Comment No. 1: We note from your pro forma as adjusted column that you have increased cash by the net offering proceeds of $7.2 million. Please explain to us why total shareholders’ (deficit) equity and total capitalization was increased by $8.5 million rather than $7.2 million of net offering proceeds. Revise as necessary.

Heart Test Response: In response to the Staff’s comment, the Company acknowledges an error in the Capitalization table and has changed the amount of the increase to $7.2 million in the total shareholders’ (deficit) equity portion of the Capitalization table on page 61 of the Registration Statement.

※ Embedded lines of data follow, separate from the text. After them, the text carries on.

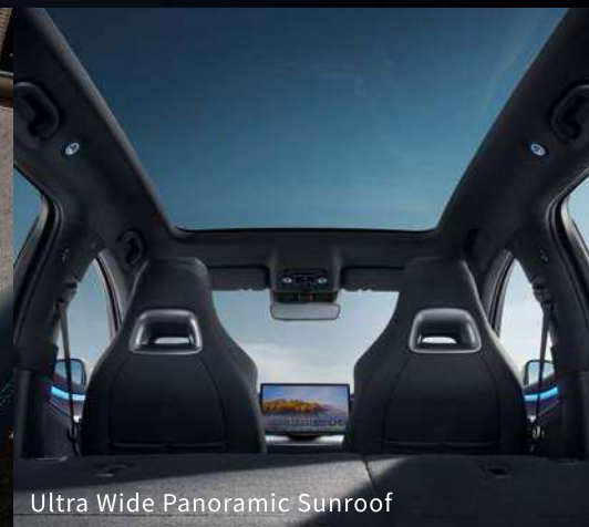
Ultra Wide Panoramic Sunroof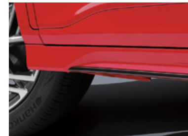
N Line specific side sill moulding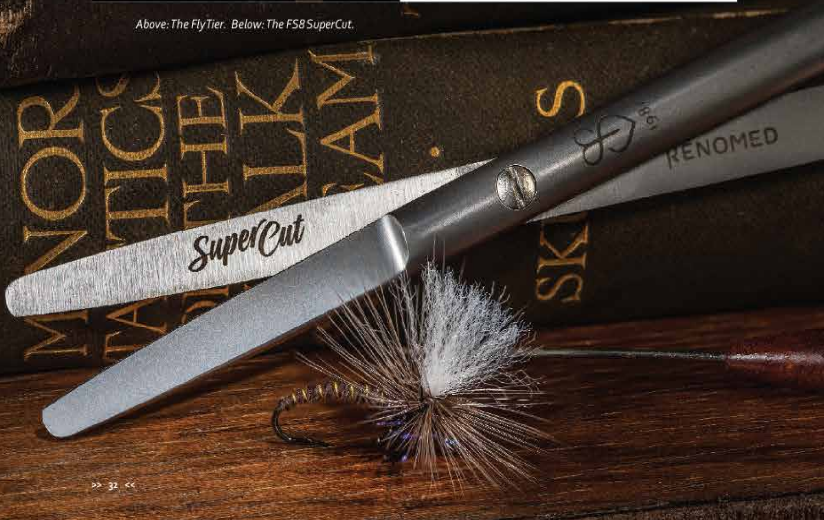
Above: The FlyTier. Below: The FS8 SuperCut.

Officially designed as serious fishing scissors for carp fishermen to cut all kinds of braids and fibres, the profile of the BraidCutter and its precise blade design allows for easy cutting through materials like Dacron, Spectra, Dyneema, Micro Dyneema, Twaron, Kevlar, Dynacords, GSP and more. The BraidCutter's blades include proprietary processes, and I use it to cut all kinds of super threads, aramid fibres and thicker parts of synthetics. The SuperCut blades are 20mm in length and have round tips.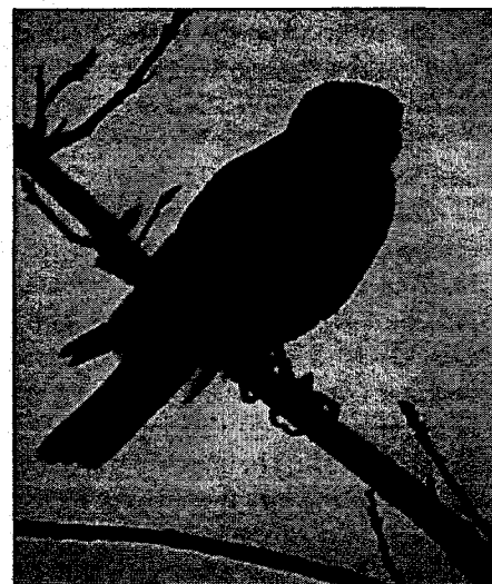
Merlin February 4, 2006.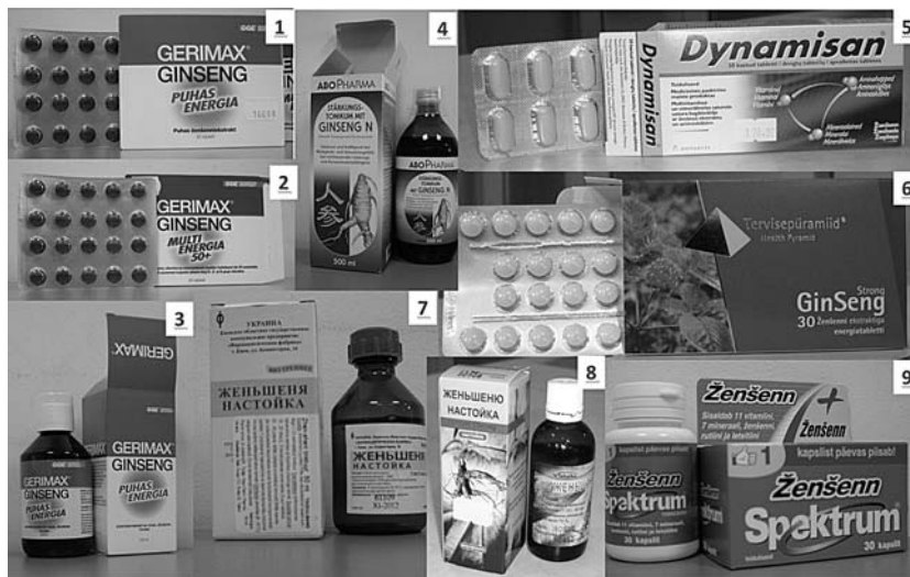
Figure 1. Pictorial representations of the P. ginseng preparations which were available and were shown to the respondents during the interview: 1. Gerimax tablets of ginseng extract; 2. Gerimax tablets of ginseng extract with vitamins and minerals; 3. Gerimax liquid extract of ginseng; 4. Ginseng N liquid extract of ginseng; 5. Dynamisan tablets of ginseng extract; 6. Strong GinSeng tablets of ginseng extract; 7. Zhenchenya nastoika tincture of ginseng; 8. Vishpha tincture of ginseng; 9. Spectrum capsules of ginseng with vitamins, minerals, rutin and lecithin

To assist the identification of the preparations nine different photos of preparations of P. ginseng available at the period of study were demonstrated to the respondents (Fig. 1). The pictures worked as triggers for activating mental herbal of the respondents (term proposed by Kołodziejska-Degórska) (29). Based on the experience of this study, several respondents recalled their use of P. ginseng only after seeing the pictures of the preparations. P. ginseng analogues were not illustrated with actual preparations.

JW  |  SAN ANTONIO      112 East Pecan Street, Suite 2400  •  San Antonio, Texas 78205    |    www.jw.com    |    Member of GLOBALAW


United States Securities and Exchange Commission

June 10, 2022

Page 2

 

Comment No. 2: Please tell us and revise your filing to explain how you determined the common shares that your bridge note, $1.5 million convertible note and Series A preferred shares will convert into upon your initial public offering. Please also explain, with reference to the conversion terms for your Series A preferred shares as set forth on page F-22, how you determined that the conversion of the Series A preferred shares are probable of occurring.

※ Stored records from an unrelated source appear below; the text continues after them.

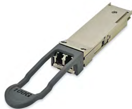
Figure 3: 100G SWDM4 QSFP28 Transceiver

Besides extending the reach, an additional benefit of upgrading to OM5 multimode fiber is future-proofing the fiber infrastructure for future 200G/400G/800G multimode interfaces suitable for the data center which may take advantage of SWDM technology.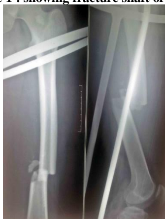
Figure 1 : showing fracture shaft of femur.

Clinical union was seen at a mean time of 16.1 weeks. The duration for supra-condylar fracture was 14.5 weeks and for mid-diaphysis it was 16.6 weeks. Radiologically, bridging callus was seen at 12-16 post operative weeks and mean time to complete radiological union was 18.3 weeks. For supra-condylar fracture it was 17.1 weeks and for mid-diaphysis 19 weeks. This is shown in table 1. Figure 2 showing complete radiological union with LCP in-situ.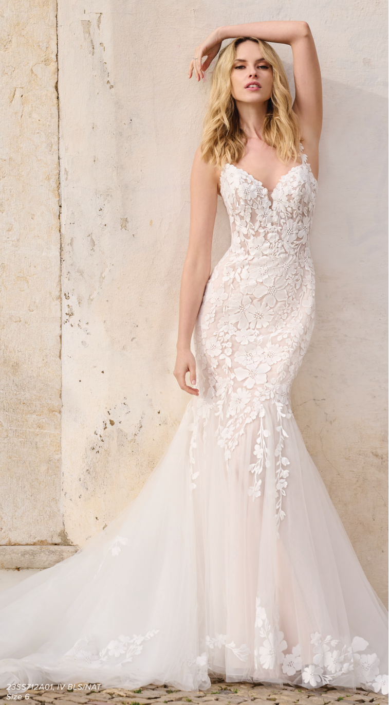
23SS712A01, IV BLS/NAT Size 6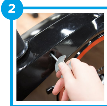
Using the multi tool remove all the screws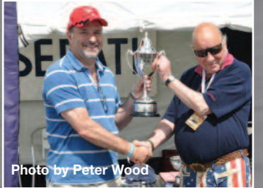
Fangio Trophy presentation

It started back in 1990 when I helped setup the club display in a marquee at the back of the Woodcote grandstand. We were then supported by the Maserati Concessionaires from Leeds with their Motorhome. Except for a couple of years, I have been involved with setting up the display for the club and arranging to get some very special Maseratis as centre pieces from generous club members. Over the years we have had differing locations, some on grass, some on tarmac and once around a pond after heavy rain had flooded the area!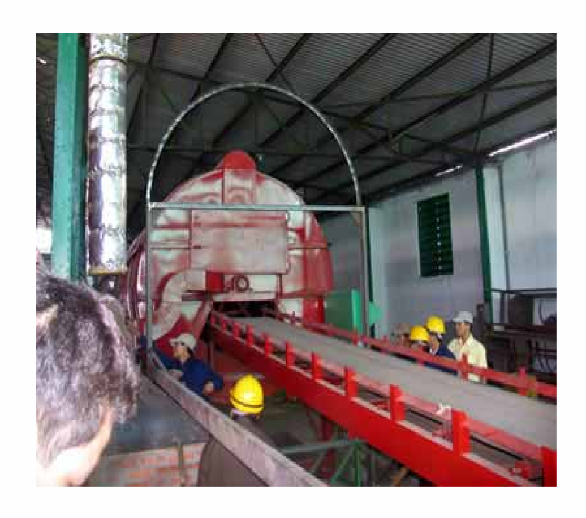
Fig. 7. Plant for manufacturing microorganism fertilizer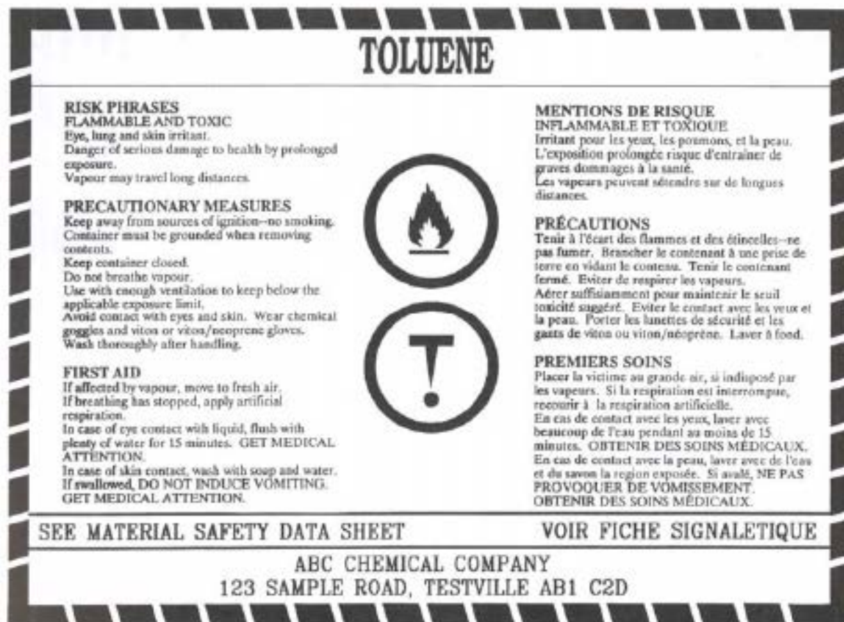
Figure 2 Example of a WHMIS supplier label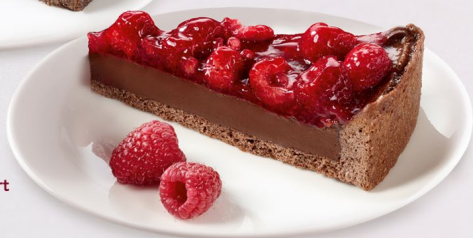
čokoládový dort s malinami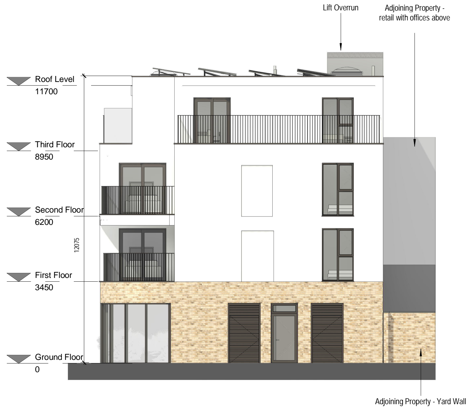
1 West Elevation 1 : 100

PLANNING NOTES 1. THIS DRAWING IS COPYRIGHT AND MUST NOT BE REPRODUCED IN WHOLE OR IN PART WITHOUT WRITTEN PERMISSION OF GAA DESIGN. 2. THIS DRAWING REPRESENTS DESIGN INTENT AND CONCEPT ONLY. HENCE IT CAN BE SCALED FOR PLANNING PURPOSES ONLY. 3. THIS DOCUMENT AND ALL ASSOCIATED DOCUMENTS ARE PREPARED FOR SPECIFIC SITE AND EVENT AND INCORPORATE CALCULATIONS AND MEASUREMENTS AVAILABLE FROM THE CLIENT AT THE TIME OF DRAWING. 4. THE RECIPIENT AGREES TO PROTECT THE CONTENTS FROM DISTRIBUTION AND DISSEMINATION EXCEPT AS REQUIRED FOR THE SPECIFIC EVENT NAMED, WITHOUT THE WRITTEN PERMISSION OF THE DESIGNER. 5. USE OF THIS DESIGN IS GRANTED TO THE CLIENT FOR THE SPECIFIC AND NAMED EVENT ONLY. COPYRIGHT © 2019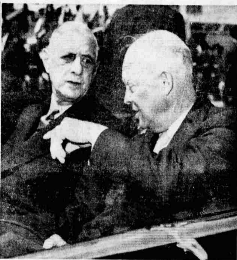
SERIOUS TALKS — President Eisenhower and French President Charles de Gaulle appear in serious conversation as they begin a motorcade into town from the Washington airport this morning.

FORECAST: Partly cloudy tonight and Saturday. A little warmer Saturday. Low tonight 36-38. High Saturday 68. Highest Yesterday 47 Lowest this Morning 29 Prev. to 10 a.m. Today 32 Our Skies Tonight Sunset today 7:01 p.m. Sunrise tomorrow 5:18 a.m. Moonrise tomorrow 4:23 a.m. New Moon April 25 PROMINENT STAR Spica, in the south, 8:44 p.m. VISIBLE PLANETS Jupiter, rises 12:14 a.m. Saturn, rises 4:05 a.m. Mars, rises 4:05 a.m.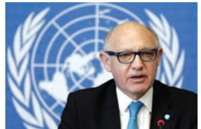
Argentina’s Foreign Minister Hector Timerman

BUENOS AIRES, 18 Feb — Argentina wants the United States to help it get to the bottom of a deadly 1994 bombing at the heart of a current political scandal by including the crime in the US nuclear talks with Iran, its foreign minister said on Tuesday.

Heart Test Response: In response to the Staff’s comment, the Company wishes to advise the Staff that the terms of each of the Bridge Note and the $1.5M Note set forth a conversion price each of which was utilized assuming a $5.00 per Unit offering price (the mid-point of the range set forth on the cover page) and taking the reverse split of 1-33 into account. Under the terms of the Bridge Note, it converts automatically upon the completion of the contemplated offering and the conversion price is $3.41 and reflects the reverse stock split. Under the terms of the $1.5M Note, it converts automatically upon completion of the contemplated offering and the conversion price is $1.65 and reflects the reverse stock split.

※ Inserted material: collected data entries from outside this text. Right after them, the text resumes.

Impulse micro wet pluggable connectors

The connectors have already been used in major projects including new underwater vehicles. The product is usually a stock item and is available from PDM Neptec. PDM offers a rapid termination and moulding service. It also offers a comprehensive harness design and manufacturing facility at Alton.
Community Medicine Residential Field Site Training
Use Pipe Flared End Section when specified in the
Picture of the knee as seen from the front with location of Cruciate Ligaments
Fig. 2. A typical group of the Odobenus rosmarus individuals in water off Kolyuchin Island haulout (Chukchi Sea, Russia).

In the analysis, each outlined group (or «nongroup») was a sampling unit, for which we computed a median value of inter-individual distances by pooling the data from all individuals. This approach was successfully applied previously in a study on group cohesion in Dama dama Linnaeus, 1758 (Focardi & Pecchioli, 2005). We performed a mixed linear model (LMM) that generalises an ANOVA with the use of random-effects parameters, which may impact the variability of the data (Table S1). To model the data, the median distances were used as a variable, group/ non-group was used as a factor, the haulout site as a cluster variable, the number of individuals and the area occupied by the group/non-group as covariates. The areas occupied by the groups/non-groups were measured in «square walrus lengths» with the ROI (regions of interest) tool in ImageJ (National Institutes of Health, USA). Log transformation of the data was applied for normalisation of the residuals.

The terms of the Amended and Restated Certificate of Designations of the Series A Preferred Stock include a formula for conversion whereby each share of Series A Preferred Stock converts into 71.96 shares of common stock assuming a $5.00 per Unit offering price (the mid-point of the range set forth on the cover page). Further, the Company confirms to the Staff that under the terms of the amendment to the Series A Preferred Stock which was filed as Exhibit 3.5 to the Amendment No. 1 to the Registration Statement filed on June 6, 2022, the Series A Preferred Stock will convert automatically upon completion of the contemplated offering. The filing of the Amendment is also summarized in the Subsequent Event footnote (Note 12) on page F-31 of the Registration Statement.

In response to the Staff’s comment, the Registration Statement has been changed to include the conversion prices of the Bridge Notes and the $1.5M Notes and the conversion ratio of the Series A Preferred Stock on pages ii, 10, 11, 16, 61, 63, 64, 72, 73, 74, 117, 123, 125 and II-3.